I've already done some backsweetening, because it also came out of primary too dry for us, and will likely do more (household preferences run to sweet/dessert meads, this thing came out very dry). Going back to my original thought of "cherry pie," I'm thinking I might add some vanilla into secondary, but I'm not sure where else to go from here to tone down the tartness. Even more honey? Sweet cherries to counteract the pucker factor? Opinions more than welcome...
 
Backsweetening is really all you can do at this point.
Otherwise age it and gift to someone who likes sour. There are many of us!
You could also use it for blending.

I personally don't like tart and vanilla together. I don't know if that's just me.

Struggling with fusel alcohol?
Work on temperature control,
Follow a good SNA regimen :)

DRY yeast:
TOSNA works very well. You can ferment mead without off-flavors!
  1. Clean and sanitize all equipment
  2. Rehydrate yeast at 104F (more info here)
  3. Dilute honey into 2-3 gallons of water
  4. Fill to 5-gallon volume
  5. Gradually temper yeast with must until within 10F of must
  6. Pitch yeast and ferment in low 60F range (60F-62F best)
  7. Follow TOSNA nutrient addition schedule (more info here)
  8. Degas one or twice a day until 1/3 sugar break to release CO2
  9. Once fermentation has ceased, rack to secondary vessel
  10. Age until clear or add clarifying agent
Nutrient calculator:
http://www.meadmakr.com/tosna-2-0/
Helpful sites:
http://www.meadmaderight.com
http://www.meadmakr.com/meadmakr-guide/part-iii-the-basic-recipe/

LIQUID yeast:
Bray has a schedule for making drinkable mead in one month (BOMM - Bray's One-Month Mead)
https://denardbrewing.com/blog/category/mead/
Thread:
https://www.homebrewtalk.com/forum/threads/brays-one-month-mead.429241/
Liquid yeast SNA:
https://denardbrewing.com/blog/post/Liquid-yeast-SNA/

Cheers
 
Last edited:
Hello, everyone! I've been lurking for a while, quietly following recipes and experimenting with honeys, yeasts, and simple traditional meads for the most part. One of my recent batches is one of my first experiments in trying to create my own flavor profile, and it's... uh. It seems to have gone a little awry.

What I set to ferment was WPL720, 3 lbs wildflower honey, three quarts of water, and a quart of tart cherry juice. I had a thought that I'd build something like a cherry pie flavor, and when I stumbled across the cherry juice, I thought it was perfect; didn't catch until I was halfway through pouring it out that it said tart on the bottle. But I figured that was no problem - I've made cherry pies before, and you start with tart cherries and then add a ton of sugar. Honey is sugar. Should be fine.

At this point, it's finished fermentation and has been racked over to secondary. And it's... uh. Tart. Somewhere between off-brand, sugar-free cherry cough medicine and "if you keep making that face, you'll get stuck like that" tart. (It's also got a rocket fuel burn right now, which I expected because it's pretty young still, and it's kind of the color you'd get if you poured a cup of red food dye into river mud, which I'm not too worried about when it's still ridiculously murky.)
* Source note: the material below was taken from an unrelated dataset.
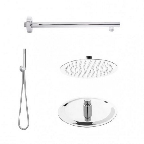 83,25 €Contiene: soffione Diam. 25 cm in acciaio Inox Aisi 304, braccio doccia, flessibile silver in PVC e kit doccetta in ottone con presa acqua.
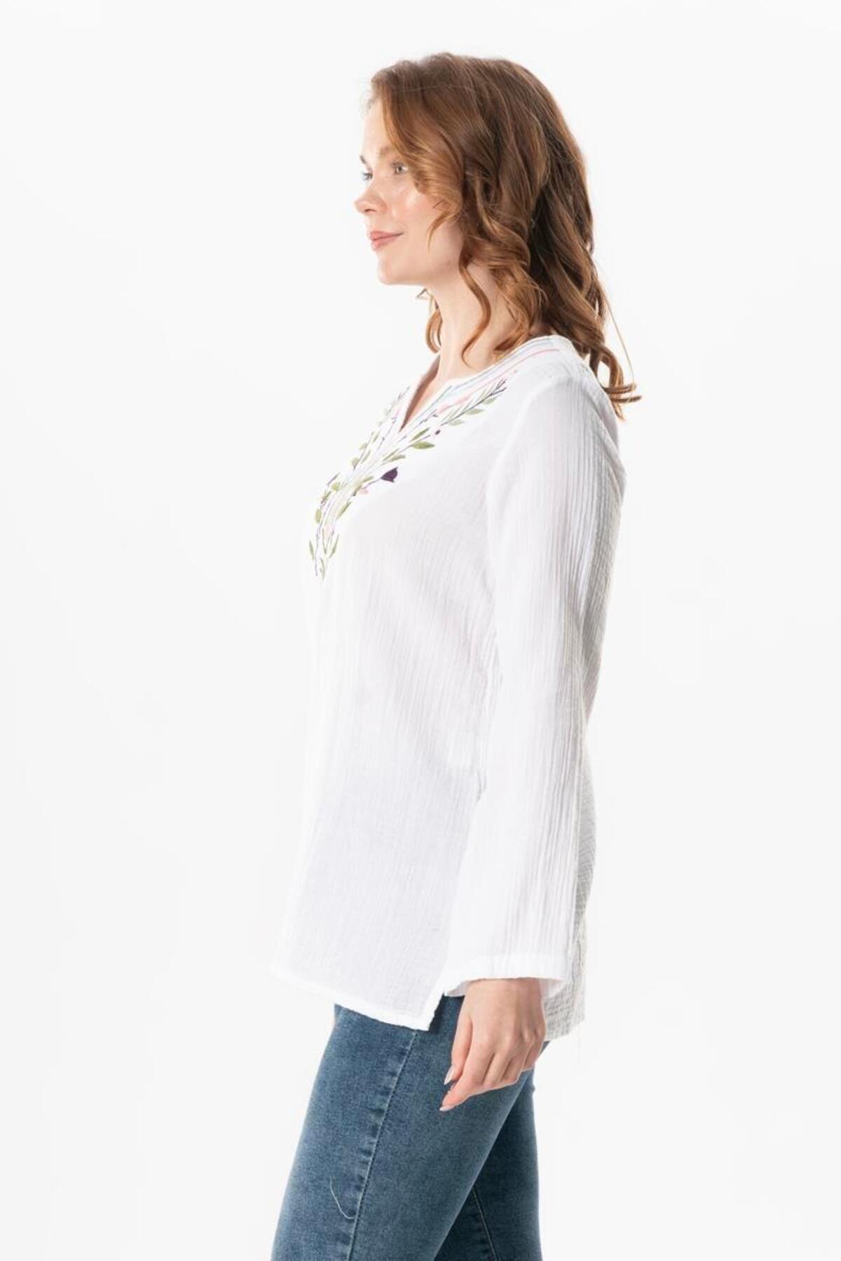 Uzun Kol Çiçek V Yaka Nakışlı Müslin Yazlık Bluz Beyaz Byz Uzun Kol Çiçek V Yaka Nakışlı Müslin Yazlık Bluz Beyaz Byz 512.09 4XL-5XL

I've already done some backsweetening, because it also came out of primary too dry for us, and will likely do more (household preferences run to sweet/dessert meads, this thing came out very dry). Going back to my original thought of "cherry pie," I'm thinking I might add some vanilla into secondary, but I'm not sure where else to go from here to tone down the tartness. Even more honey? Sweet cherries to counteract the pucker factor? Opinions more than welcome...
I added 3/4 gallons of cherry juice to my 5 gallon cider, because all the supermarkets I have ever seen carry cherry juice! Only ever have tart! I got a sweet cherry extract on is way. I'm going to add some of the extract to give a hint of cherry. The only other thing I can think of is get some sweet cherry juice off of Amazon to back sweeten. The extract was the cheaper choice for me. I just don't want to mess up the cider! Its for a wedding! Extract won't add much fluid and and a blip won't mess anything up or I just might save the extract for a l8r date. Good luck!